Every PR triggers an ADR debate. The opposite problem. Diagnosis: the trigger criteria aren’t clear, so people propose ADRs for things that don’t need them. Fix: post the five triggers I listed above in your team’s contribution guide.
Old ADRs contradict current practice. You shipped contrary to ADR-0017 and never updated it. Diagnosis: nobody owns the library. Fix: assign an ADR steward, rotating quarterly, whose job is to flag drift and propose updates or supersessions.
Wrapping Up
ADRs are not paperwork. They’re institutional memory. The team that writes them well makes the same argument twice and never again. The team that writes them poorly relitigates every decision when someone new joins.

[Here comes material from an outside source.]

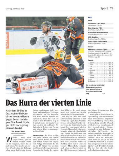 Nach dem 2:1-Sieg in Graz wollen die Dornbirner heute zu Hause gegen Bozen nachlegen. Eine Aussicht, die gar nicht hoch genug einzustufen ist.

The template at the top of this post is yours to use. The review process is the part most teams skip and the part that matters most. The discipline of writing the ADR before the code ships is the discipline that separates teams that learn from teams that just ship.
Start with one ADR this week. Pick a decision your team made in the last sprint that you suspect will be questioned in three months. Write it up. Share it. See what happens. The feedback you get on that first one will teach you more about your team’s decision-making than any retrospective.